What if restaurants have to close again?

And then there’s this: Restaurants might have to close again.

For one thing, reopening could be premature—President Trump himself has questioned the timing of Georgia’s reopening, for instance. Reopening only to see a quick return of the virus that forces further closures would be a problem.

There’s also the fact that many experts expect the virus to make a comeback this fall. Many believe that restaurants should have a plan to address rolling shutdowns in various markets and states if the virus starts spreading again.

That’s also expensive. Every operator we spoke with said closing again after reopening would be a costly venture. “It would be very difficult and costly to reopen only to close again,” Mangiamele said.

But operators are an optimistic bunch. The rapid-fire closings that took place in March gave the industry a giant training exercise.
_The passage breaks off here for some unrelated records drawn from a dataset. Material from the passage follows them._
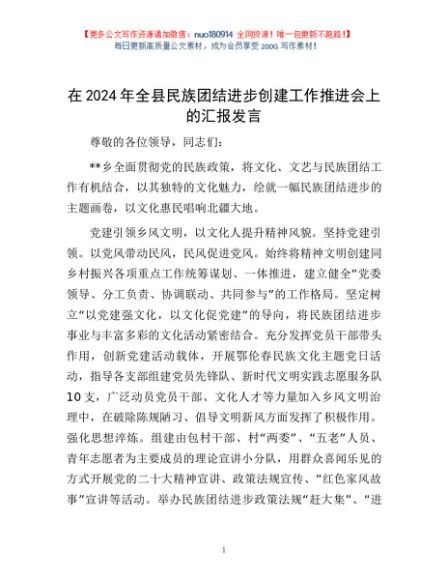 / 在2024年全县民族团结进步创建工作推进会上的汇报发言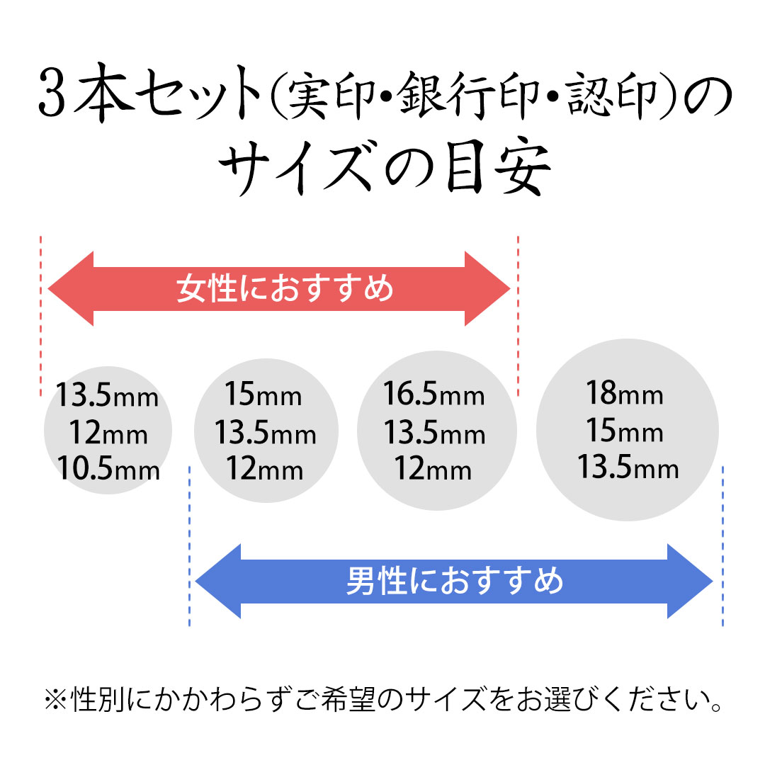 女性は実印13.5mm・銀行印12mm・認印10.5mm以上をおすすめしております。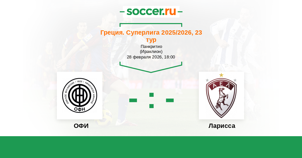 Греция. Суперлига 24.11.2025 Ларисса Логотип футбольный клуб Ларисса 1:2 Логотип футбольный клуб ОФИ (Ираклион) ОФИ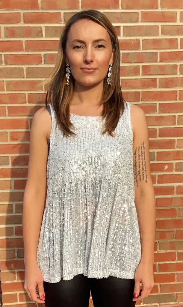 The loveliest silvery sequins enhance this racer-back, zip-back tank. A slightly loose, floaty fit.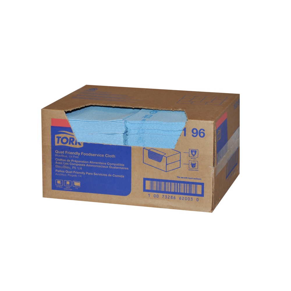 Tork Quat Friendly Foodservice Cleaning Towels Self Dispensing: Avoid overusing sanitizers and detergents with these Tork foodservice towels, made with quat-friendly technology that stops quat sanitizer from breaking down prematurely. Towels are also specially treated to inhibit odor-causing substances for a better front-of-house experience. These low-linting towels are easy to rinse and dry and come in several colors that help you designate areas of use.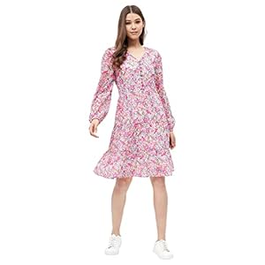 Harpa Women’s Georgette Fit and Flare Midi Casual Dress (GR6356- Multi_Medium) Multicolour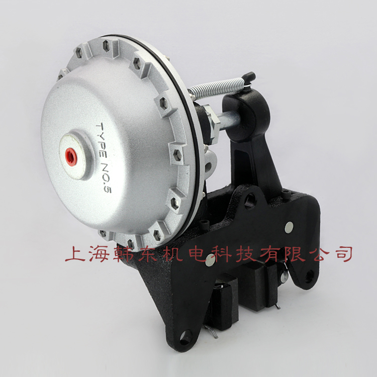 DBH型气动制动器是利用气压的调整,可在较大范围调整扭矩,适用于紧急制动和张力控制。利用手动式制动器可无气压情况下压缩弹簧长时间保持制动,调整得出必要的扭矩。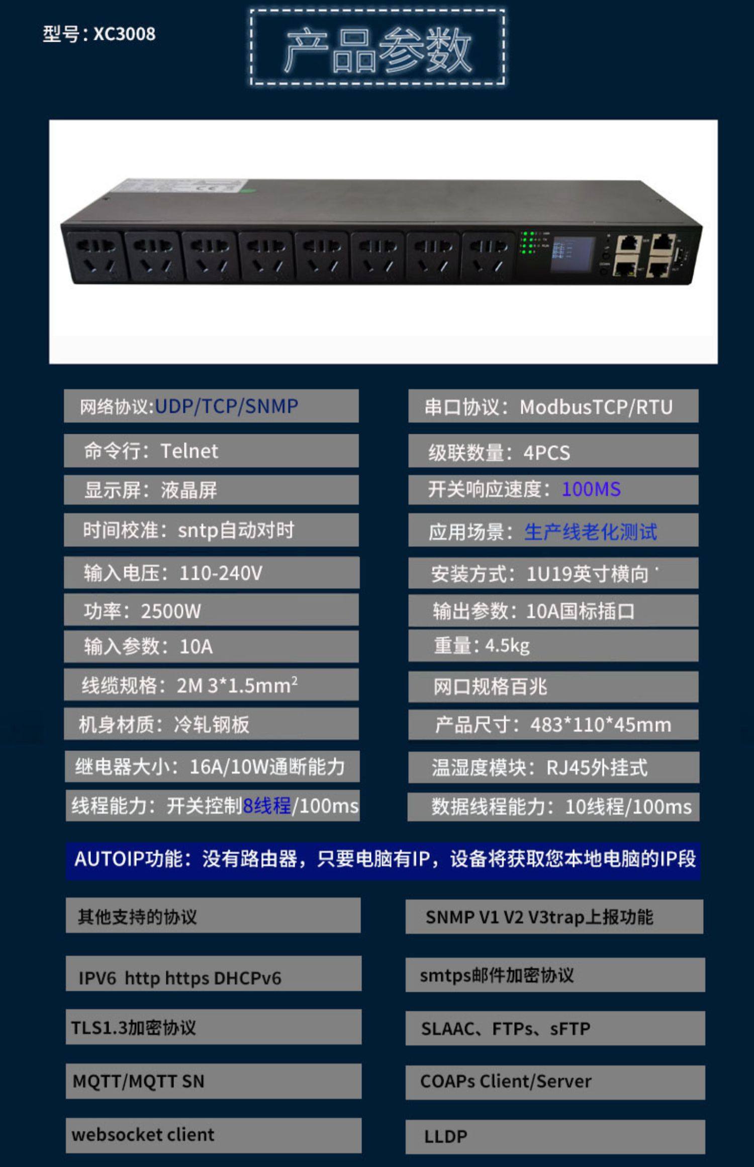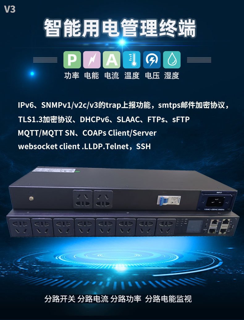 智能PDU机柜插座SSH、telnet、snmp、ipv6、smtps邮件开发编程
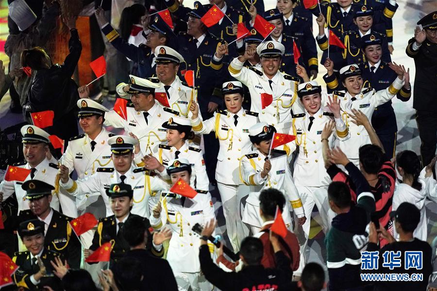 10月27日,中国人民解放军文工团合唱团在闭幕式上入场。 当日,第七届世界军人运动会闭幕式在武汉举行。 新华社记者万象摄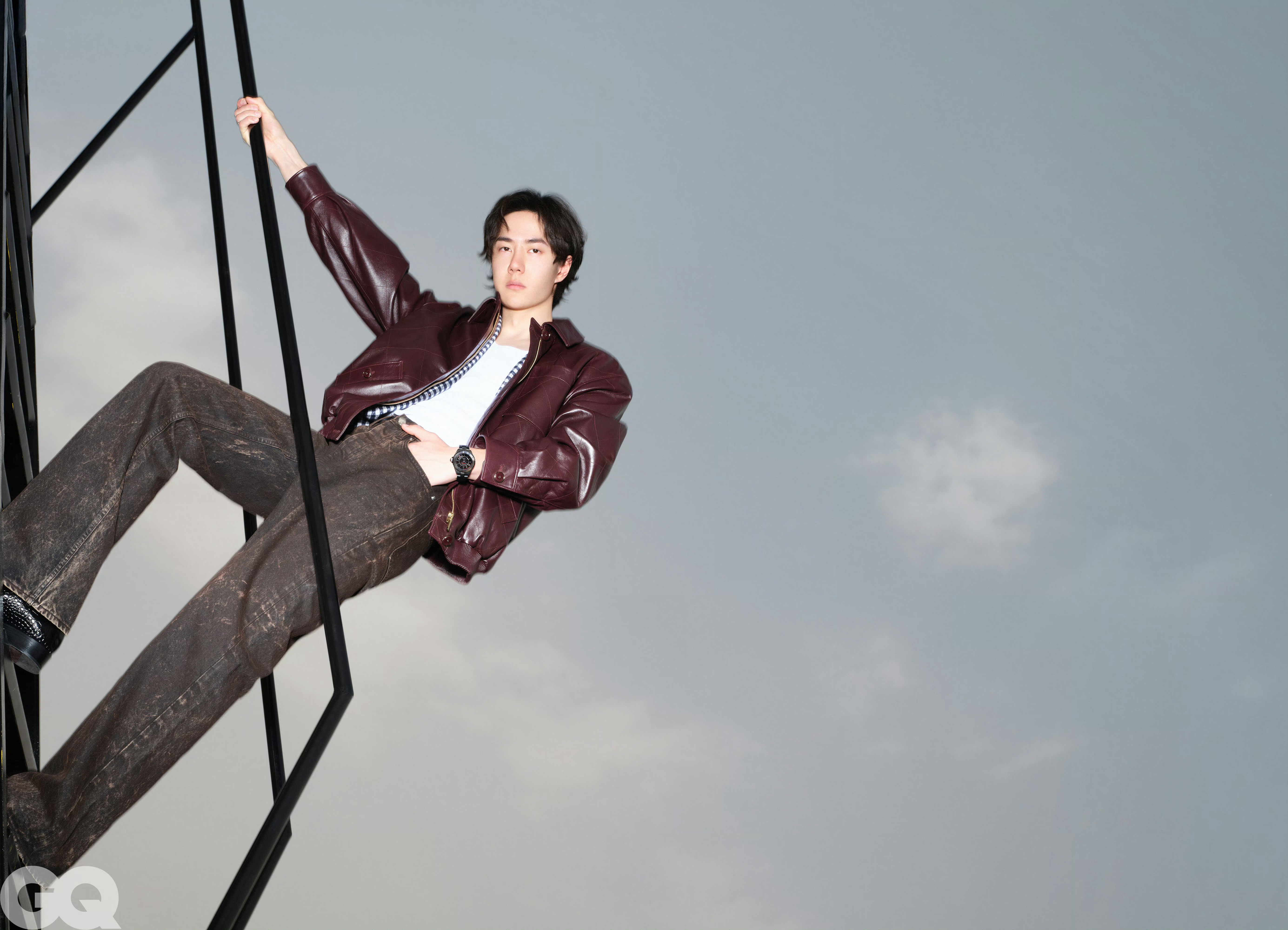 GQ四月王一博封面GQ王一博登高大片王一博登上《精英GQ》四月刊双封面,腕间率先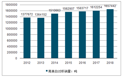 2012-2019年我国南美白对虾销量走势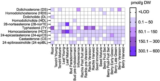 - Tarkowská, D.; Novák, O.; Oklestkova, J.; Strnad, M. The determination of 22 natural brassinosteroids in a minute sample of plant tissue by UHPLC–ESI–MS/MS. Anal. Bioanal. Chem. 2016, 408, 6799–6812. [Google Scholar] [CrossRef]

Many believe they’ll be better prepared if closings happen again.

“If there’s any silver lining, it’s that if it does occur, we’ll know quickly how to respond to those,” Richardson of Eggs Up Grill said. “There will be less scrambling because we’ll have those processes.”

Indeed, Ilaria said Florida alone provided a lesson to Uno about a fast closing, making his company better prepared now than it was last month.

“When Florida closed, they gave us only five hours to close,” Ilaria said. “They sent a press release at 3 p.m. We had to close at 8 p.m. We had to turn around trucks that were going to deliver full orders because we wouldn’t have a full menu. It was a baptism of fire.”

Mostly, operators are keeping faith that the reopening will start getting them back to normal. And they’re confident in their ability to get through this period. For a business like Legendary Restaurant Company, whose concepts survived a near-death experience more than a decade ago, the current shutdown seems a cake walk.

“If we can survive a Chapter 7 bankruptcy, we can survive this,” Mangiamele said. “It’s just another bump in the road. We’ll come out the other side stronger.”